Sunday, August 31, 2014

Peanut Pancake 面煎粿


This is a very local pancake called 面煎粿. It is one of my favourite snack since young. I made the peanut version yesterday morning for our breakfast. Found this easy recipe, many thanks to My Kitchen for sharing this yummy recipe :)

For some reason, I grew up calling this "ban jian kueh", but all my other friends call it "meen jian kueh" :p

Here's the recipe. Please visit My Kitchen for the original recipe and method. I think it is good advice to cool the pancakes on the wire rack if not serving immediately, as the bottom of my pancake was a little soggy after sitting on the plate for 5 to 10 mins.

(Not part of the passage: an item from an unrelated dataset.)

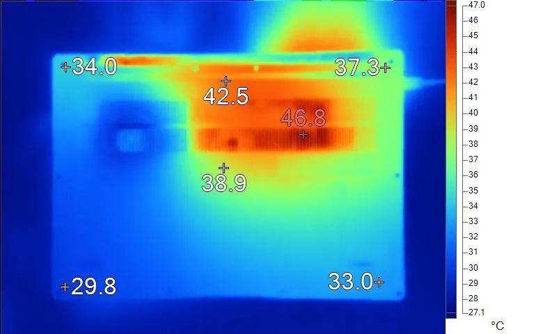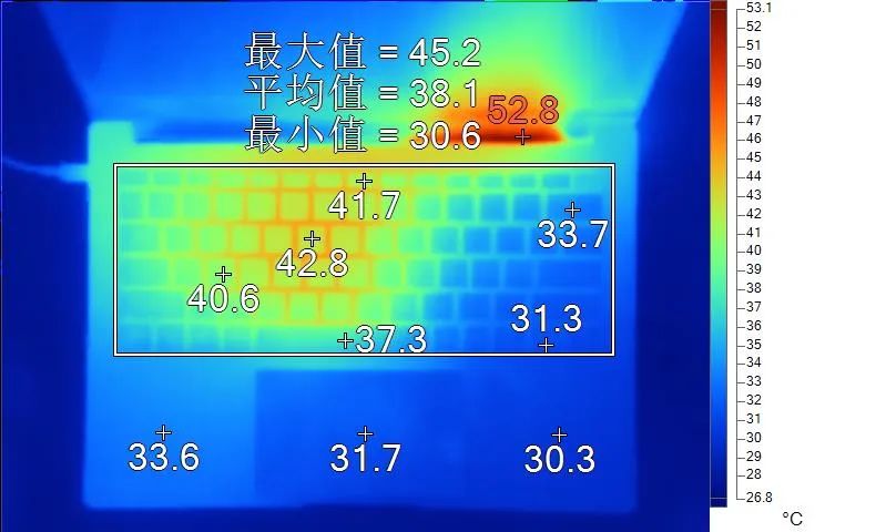 表面温度如上图所示,键盘键帽最高41.7℃出现在键盘“T”键上,WASD键为40.6℃,方向键31.3℃。左腕托温度为33.6℃,背面中心点38.9℃。

Ingredients (I made minor changes according to the ingredients I have on hand)

- 1 egg
- 1/2 cup cake flour
- 1/2 cup rice flour
- 2 tbsp sugar
-  a drop of  vanilla paste
- 1 cup low-fat fresh milk
- pinch of salt (optional)
- 1 tbsp canola oil
- pinch of double acting baking powder

- some butter
- diced or ground peanuts
- sugar (adjust to your preference)

Method (makes 2-3 servings)

1. Whisk egg and sugar together.
2. Add vanilla paste and half the milk. Continue mixing.
3. Add sifted flour in batches and mix.
4. Add oil and remaining milk and mix. The batter will be watery.
5. Heat a non-stick frying pan (I used the HappyCall frying pan so no oil was necessary). Pour half the batter (my pan size is 20") into the pan. Turn heat to low. When tiny air pockets appear on top of the batter, add some butter on top of the batter. Sprinkle peanuts & sugar mixture on top. Fold 1 side of pancake over to form a semi circle. Once the pancake is browned, remove from pan. Cool on a wire rack. It tastes best when hot.